Re: Perfromance issues -- JAVA400-L

On 15-May-2014 00:13 -0500, Imad Moukaddam wrote:

We are encountering a very strange behavior in iSeries response time
and we are running out of possible causes to this phenomenon:
We developed a JAVA application that launches COBOL services on the
iSeries, via a Socket. Everything seemed to run smoothly.
Then we've tried to test the overall performance of the application,
therefore, we have used a test tool to simulate hundreds of
simultaneous connections, and this is where the strange behavior is
being noticed: at first everything seems to be alright, excellent
response time from the service on the iSeries machine, the CPU was
running at around 85-90%, then suddenly at a certain point, the
response time from the service was more than 10 seconds, and after
that point, the response time were very awkward, the same service
gave very quick responses for some connection, and very slow
responses for other connections. More strangely, we've noticed that
when this behavior is occurring, the CPU utilization decreased to
less that 50 or 40%... (meaning, while we are encountering
performance issues, the iSeries CPU is resting!)

Unlikely "resting". More likely "paging"; most likely approaching a level of paging typically referred to as "thrashing". While the system is paging memory for the jobs to get work done, some jobs are in a wait state and thus unable to utilize the CPU. Although that means other non-waiting can utilize the CPU, the system must still dispatch work across the total number of jobs according to priority and time slice restrictions. According to the CPU utilization before the slowdown, the bottleneck on throughput likely was mostly the CPU, but after the slowdown the bottleneck is almost surely memory. When the memory requirements of the active jobs exceeds the available memory [in a memory storage pool] effectively the in-use memory must be swapped between permanent [disk] and temporal [memory] storage so each job's memory requirements can be met. Thus more memory can further push-out the point at which the memory paging requirements start causing interruptions [i.e. a bottleneck] in the ability of a job to most efficiently take advantage of the CPU.

It is like the requests were not getting through to the service!
Is there any explanation to this?
Hardware fault? (memory, disk...)

Probably not a "fault" as in /failure/.

But coincidentally, "faulting" is a term that describes obtaining memory in a non-predictive manner; i.e. obtained expensively [impacting overall performance]. The term "paging memory" [without reference to a "fault"] refers to memory being obtained smoothly, obtained due to work asking explicitly what to load into memory. The term "page fault" refers to memory being obtained due to work that requires something to be in memory, but for which that work did not explicitly ask in-advance to load that memory [or had asked, but with an asynchronous request, but the actual reference to the memory occurred before the system had processed the explicit request to load that memory from disk].

Too much QZSDAOINIT open?

Many database connections will inherently add to memory requirements [for the job alone], and can potentially [very likely] lead to increased memory to implement the individual [usually query] requests performed in those jobs. Yet if the jobs perform work using the same objects and data, the memory requirements might not be a huge impact. As well, common memory can be /fixed/ to prevent the system from paging-out that memory; only having to page\fault that data back into memory in a few moments.

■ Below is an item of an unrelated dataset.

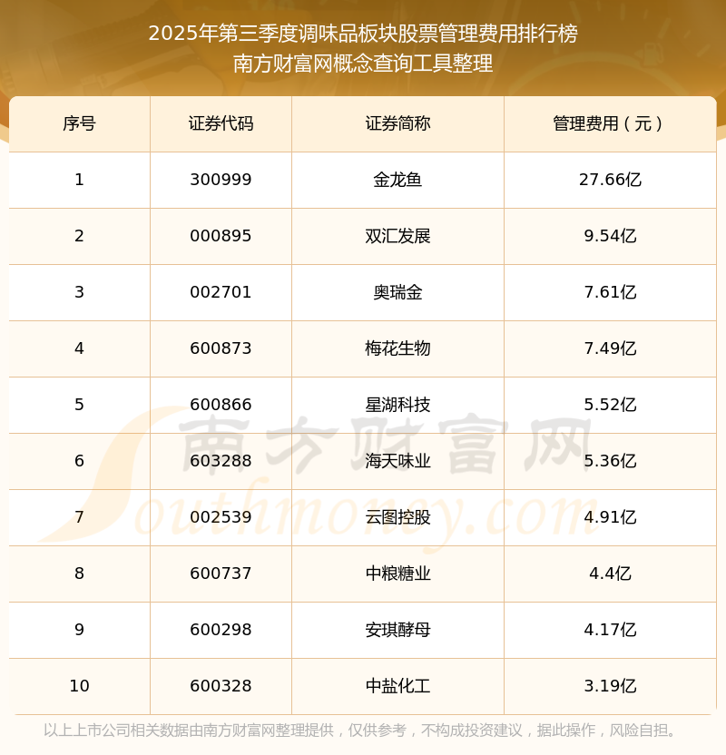 2025年第三季度,調(diào)味品板塊股票管理費(fèi)用排名如下:金龍魚(yú)(300999)的管理費(fèi)用總額高達(dá)27.66億,雙匯發(fā)展(000895)和奧瑞金(002701)位居第二和第三,梅花生物(600873)、星湖科技(600866)、海天味業(yè)(603288)、云圖控股(002539)、中糧糖業(yè)(600737)、安琪酵母(600298)、中鹽化工(600328)分別進(jìn)入前十,其管理費(fèi)用總額分別排名第4-10名。

We have tried to identify any possible lock on the database, but
nothing appeared to be faulty at this level neither.

Locks are just one of many different types of possible waits. As already alluded, the waits in the described scenario, are likely for disk I/O waits for memory.

Any help would be appreciated

The topic is probably not specific to the use of JAVA, thus probably eligible for the midrange-l. However, general performance issues for a system are very specific to that system, due to the environment; system and application configuration, and how the system and applications are being utilized. The best bet is to utilize the performance tools and experts [with that tooling] to help direct where to look to improve the overall throughput. The never-ending issue with such tasks to improve performance, is chasing the next bottleneck after the issue causing the current bottleneck is deemed resolved [or as good as it will get].

IBM sells tooling and [consulting] services to assist in that regard. Other companies and consultants do as well.

FWiW: Given there are apparent database requests, the Database tooling [e.g. index adviser] might be one place to start looking. For example, an index might enable limiting the number of database pages required to complete a query request, thus reducing the amount of memory for the QZDASOINIT jobs that run that particular SQL query for which the INDEX was advised.